Monitoring Cardiotoxicities

Due to the complications that CAR-T cell therapy results in, monitoring the adverse events are necessary. As the therapy is new, the following steps were recently added to monitor patients who are getting medicated as follows. The patient is to be monitored on days zero, three, and seven from the infusion of CAR-T cell therapy. If CRS happened in Grade one, no further heart monitoring is needed. If the syndrome happens in Grade two or above, the patient's troponin gets measured daily with measuring N-terminal-pro hormone vrain natriuretic peptide (NT-proBNP) on Days zero, three, and seven, telemetry monitoring continuously, and transtheoretical echo with stain. Then, the patient needs to be followed up with in one month. Additionally, all patients with a CRS grade need a cardiac follow-up every three months [1,4,17,28].

Limitations

The inclusion in the review was limited to the population of patients receiving CAR-T cell therapy for hematologic malignancies. Also, the publications included in the review were limited to full-text articles published within the last ten years, clinical trials, meta-analyses, randomized controlled trials, reviews, and systematic reviews, excluding non-English articles.

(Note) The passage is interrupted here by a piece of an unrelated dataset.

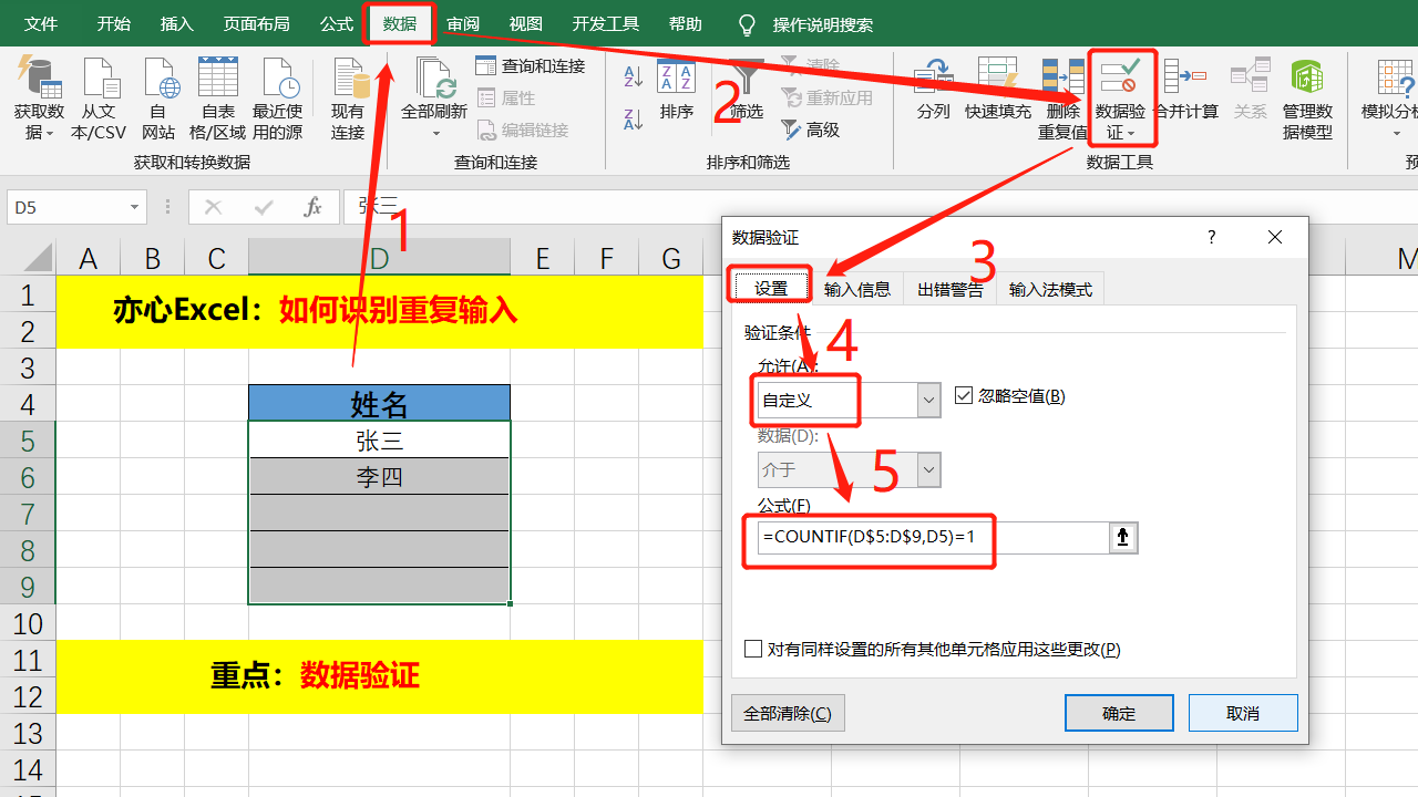 首先选中要验证的数据区域,然后点击「数据验证」,调出数据验证对话框。在「设置」选项卡下,验证条件选择允许「自定义」,并在公式中输入「=COUNTIF(D$5:D$9,D5)=1」;

There are only three retrospective studies in pediatrics and four retrospective studies in adults to monitor the cardiotoxicity associated with CAR-T cell therapy. The sample size retrospective studies were small.

Conclusions

CAR-T cell therapy has been an epic novel treatment for hematologic malignancies. However, there were several dangerous toxicities associated with the therapy. One of the important toxicities is cardiotoxicity, which is associated with the CRS. The cardiotoxicity happened in pediatrics, young adult, and adult populations. Even though the cardiotoxicity was dangerous, and life-threatening in some cases, there were not many systematic reviews on the topic. This systematic review shed light on the cardiotoxicity that happens with CAR-T cell therapy. In the review, data from several retrospective studies and reviews were used to illustrate the cardiac adverse events that happen in adults and children. Future retrospective and prospective studies to monitor the cardiac adverse events associated with CAR-T cell therapy are encouraged. The studies will give a clearer image of the cardiotoxicity associated with CAR-T cell therapy, its severity, and its impact on patients’ overall well-being.